Originally Posted by Class316
There are 2 strong proofs that the cartoon and movies are canon. First off the title scroll in ep III, and second the cough of Grevious.

I think you are using a definition of canon that doesn't mesh with Lucasfilm's definition -- or the one that I'm familiar with.

Just because something "ties in with" or doesn't contradict a film, doesn't mean it's canon.


Lucasfilm has stated again and again that the films are canon... everything else is glorified fanfiction. Yes, they've been very careful (and mostly successful) at keeping things consistent ever since the Zahn novels in the early 1990s. But that doesn't mean that any of this other stuff is canon.

Class316 05-31-05 01:52 PM


Originally Posted by bboisvert
I think you are using a definition of canon that doesn't mesh with Lucasfilm's definition -- or the one that I'm familiar with.

Just because something "ties in with" or doesn't contradict a film, doesn't mean it's canon.


Lucasfilm has stated again and again that the films are canon... everything else is glorified fanfiction. Yes, they've been very careful (and mostly successful) at keeping things consistent ever since the Zahn novels in the early 1990s. But that doesn't mean that any of this other stuff is canon.

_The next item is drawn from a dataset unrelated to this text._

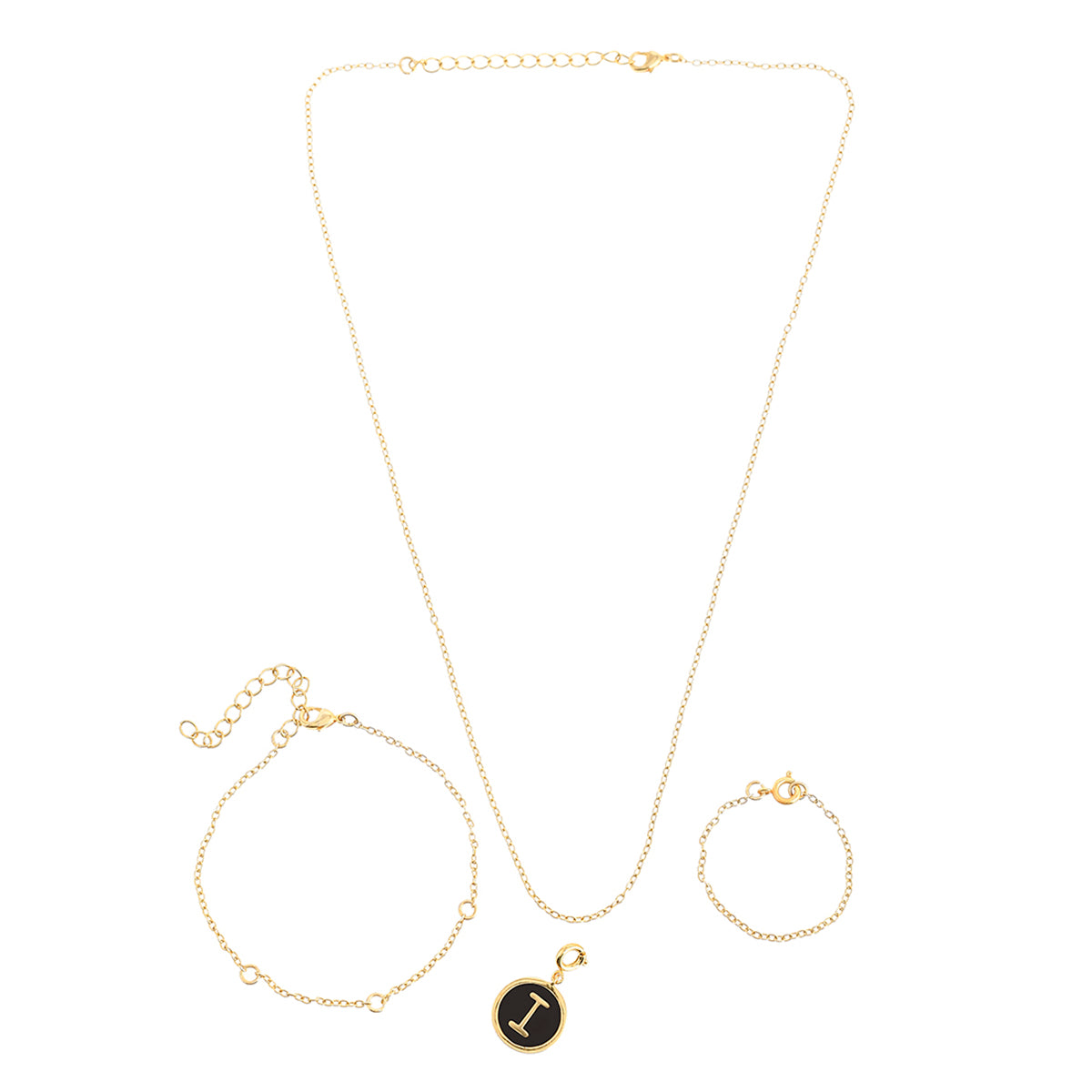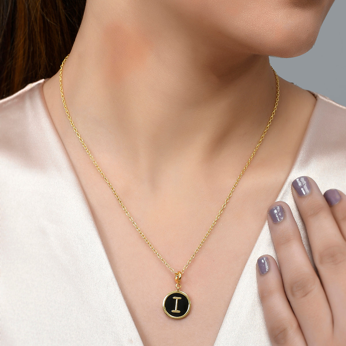 Black enamel alphabet I charm for watches and bracelet. Made from brass and gold plated. The perfect V Day gift for a loved one.

I didn’t know they were mostly successful.

But that’s not the definition of canon that I’m using.

In this case the events of the cartoon are summarized in the opening of ROTS. And there’s no mention of why Gervious is weak and coughing in the movie, it’s simply implied as if it were shown earlier in the movie, when it in fact wasn’t shown in the movie why he was coughing. Just that he was coughing. So this in fact more than “ties in” with the movie, but in fact goes hand in hand with it.

Plus George Lucas himself had a big part in that cartoon series.

So the fact that it goes with the movie AND the fact that Lucas is involved means it's basically as canon as you can get.

Superboy 05-31-05 02:08 PM


Originally Posted by Class316
I didn’t know they were mostly successful.

But that’s not the definition of canon that I’m using.

In this case the events of the cartoon are summarized in the opening of ROTS. And there’s no mention of why Gervious is weak and coughing in the movie, it’s simply implied as if it were shown earlier in the movie, when it in fact wasn’t shown in the movie why he was coughing. Just that he was coughing. So this in fact more than “ties in” with the movie, but in fact goes hand in hand with it.

Plus George Lucas himself had a big part in that cartoon series.

So the fact that it goes with the movie AND the fact that Lucas is involved means it's basically as canon as you can get.

So then are the Timothy Zahn novels considered canon since he's the guy who came up with the name Coruscant?

Michael Corvin 05-31-05 02:49 PM

No. But Coruscant is now considered canon.

I also read that Lucas ripped Maul's double-sided saber from one of the comics.